If \(n\) converges to \(p\), the corresponding net, \(n': D \rightarrow T'\), converges to the corresponding point, \(p'\), because for any neighborhood, \(N_{p'} \subseteq T'\), of \(p'\), \(n\) is eventually in the corresponding neighborhood, \(N_p\), of \(p\), which implies that \(n'\) is eventually in \(N_{p'}\). By Description 1, \(\pi'_i \circ n'\) converges to \(p_i\) (\(p'_i\) and \(p_i\) are the same). Then, \(\pi_i \circ n\) converges to \(p_i\), because \(\pi'_i \circ n'\) and \(\pi_i \circ n\) are the same.
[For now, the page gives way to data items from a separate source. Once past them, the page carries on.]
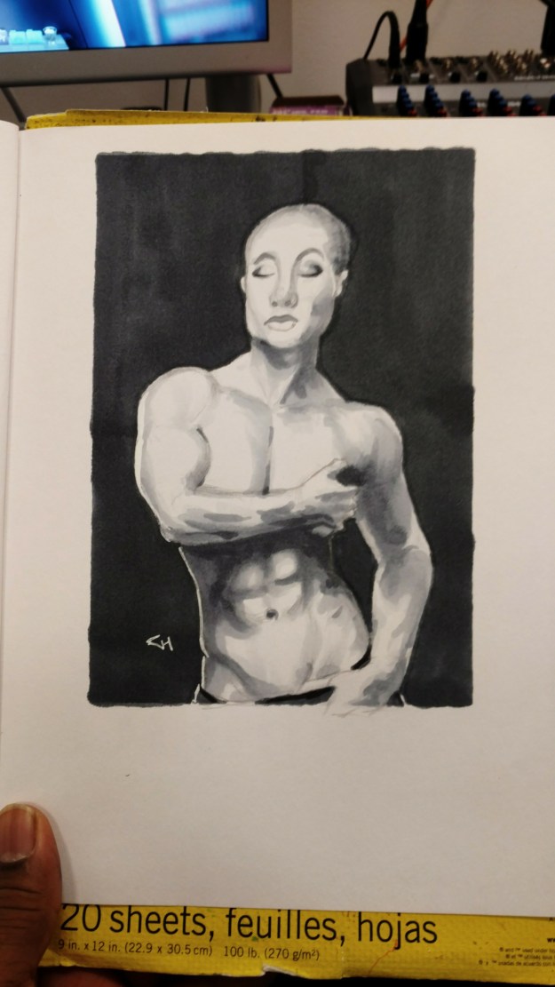 The other is that I was trying out a new sketchpad. However, I forgot an important factor; paperweight. It absorbs ink, but only to a limit, so it was resistant to my usual technique. Ugh!!
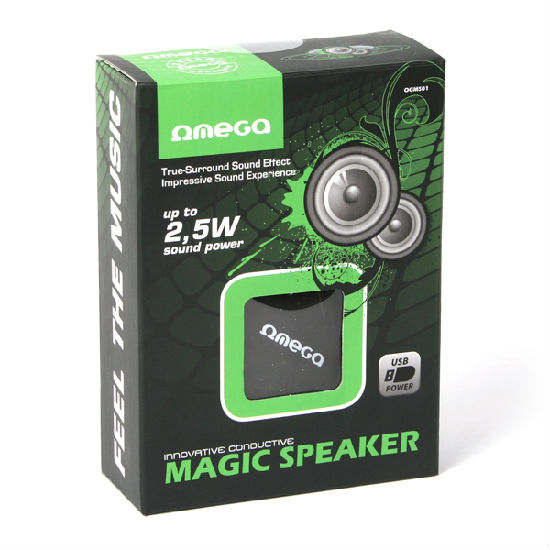 Omega Magic Speaker consists of the speaker and the conductor. In the set you will also find power USB cable and audio in cable with mini jack 3,5mm plug. It has enough sound power (up to 2,5W) to share your music with your friends.
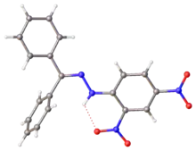 X-ray structure of DNP-derived hydrazone of benzophenone. Selected parameters: C=N, 128 pm; N-N, 1.38 pm, N-N-C(Ar), 119[4]
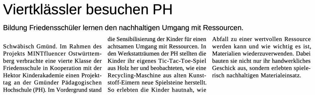 - Gmünder Tagespost (14.02.2025). Viertklässler besuchen PH.
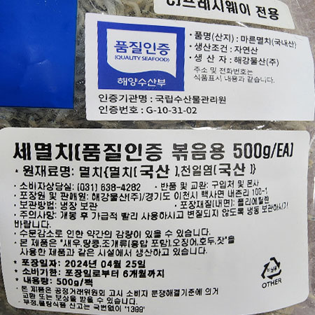 세멸치(품질인증 볶음용 500g/EA) 이미지
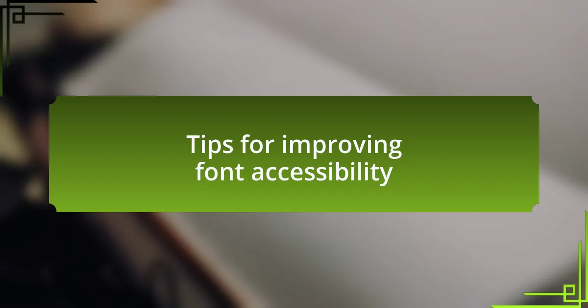One effective way to enhance font accessibility is by prioritizing color contrast. I recall a time when I visited a site with light gray text on a white background. It seemed like a design choice aimed at elegance, but it left me straining to read even the simplest sentences. When selecting font colors, I think it’s essential to ensure high contrast between text and background. It truly transforms readability and invites all users to engage comfortably with the content.
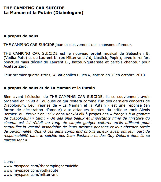 The Camping Car Suicide s’est attaqué à la reprise de "La Maman Et La Putain"
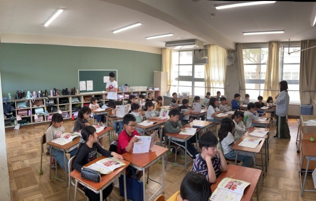 クラスを半分に分けて、歌い合う場面でも先生の指示を聞いて取り組んでいました。
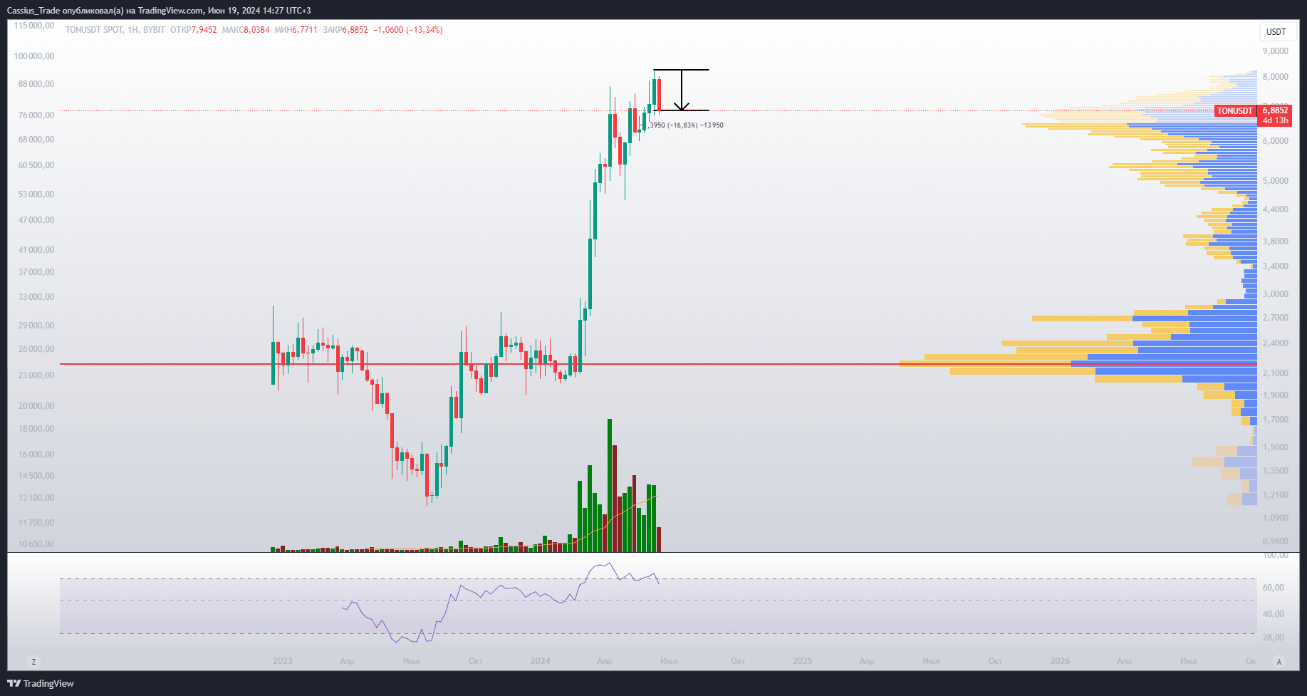 2️⃣ TON a scăzut cu -16%. Înainte de aceasta, actualizarea maximă istorică, când întreaga piață a devenit roșie. Prin urmare, de fapt, de când piața a început să scadă, TON se tranzacționează cu 17% mai mult!
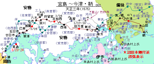 (注)本郷町南方地区の蟇沼神社や下北方地区の甑天神・沼田城(高木山城)址等の記載から当時の沼田荘(郷)の中心は、入海していた沼田南西側沿岸部の下北方・南方地区で、ここに滞在したと思われる。現在の本郷町本郷は沼田川本郷橋左岸(沼田川左岸)の氾濫原三角州一帯。三原付近から沼田の間は海行であったと思われるが文脈から確定できない。
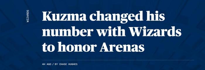 库兹马告诉记者,“我之所以这样做,完全是出于对奇才名宿阿里纳斯的尊重,这是我不穿0号的最大的原因。当初加盟奇才队时,我想到的第一个球员就是阿里纳斯,他的0号对奇才意义重大,对我个人来说也是一种仰望。”
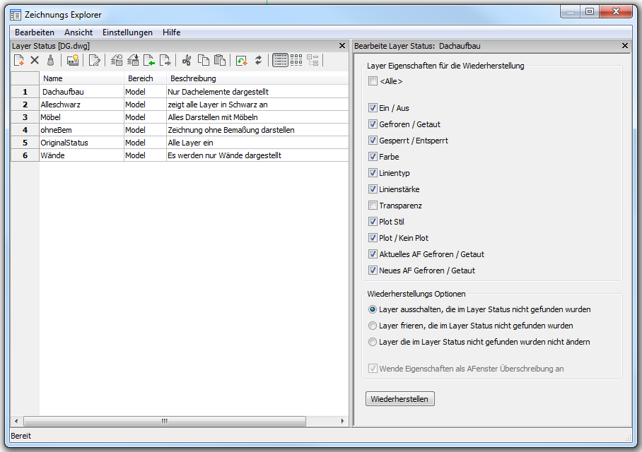 Zeichnungs Explorer Layer Status (Detailansicht): |
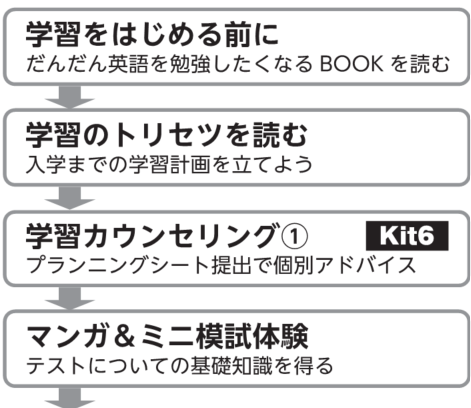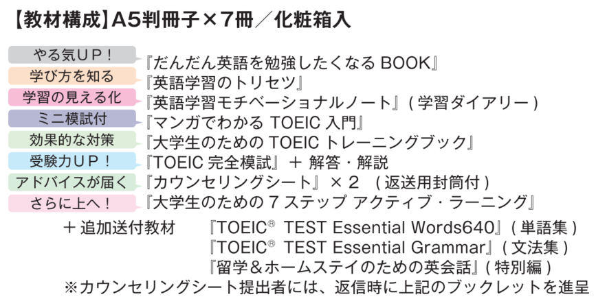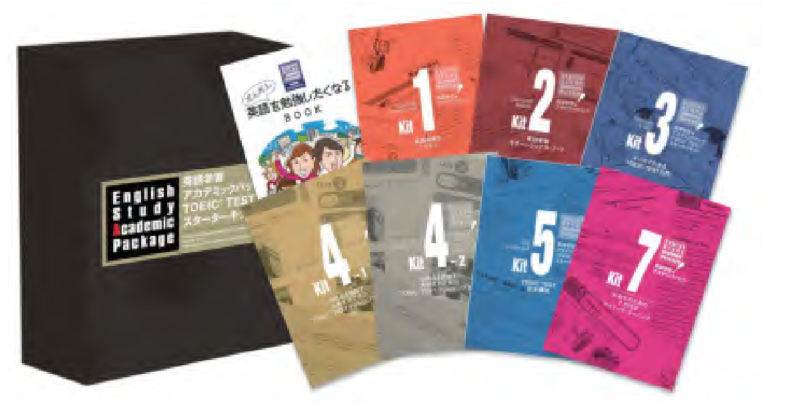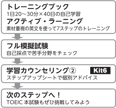 TOEIC®TEST スターターキットは、kit0~kit7までのオリジナルテキストと、対応する音声、さらにカウンセリングシートで構成されています。TOEIC®対策のトレーニングブックだけでなく、本番と同じ完全模擬テスト、テストの概要を知るためのマンガ、日々の学習記録をつけるためのダイアリーなど、必要なパーツが全て含まれています。

If \(\pi_i \circ n\) converges to \(p_i\) for each \(i\), \(\pi'_i \circ n'\) converges to \(p_i\). By Description 1, \(n'\) converges to \(p'\). Then \(n\) converges to \(p\), because for any neighborhood, \(N_p \subseteq T\), of \(p\), \(n'\) is eventually in the corresponding neighborhood, \(N_{p'}\), of \(p'\), which implies that \(n\) is eventually in \(N_p\).
5: Note
As is stated in the proposition that any possibly-infinite-wise product topological space for which the indices set is finite is homeomorphic to the corresponding finite product topological space, \(T = T_1 \times T_2 \times . . . \times T_n\) and \(T' = \times_i T_i\) are not exactly the same, as any element of \(T\) is like a \(\langle p_1, p_2, . . ., p_n \rangle\) while any element of \(T'\) is a function, \(f: \{1, 2, . . ., n\} \rightarrow \cup_i T_i\), although some people may sloppily say that they are the same. While Description 2 seems obvious from the homeomorphism anyway, we have bothered to go more explicit.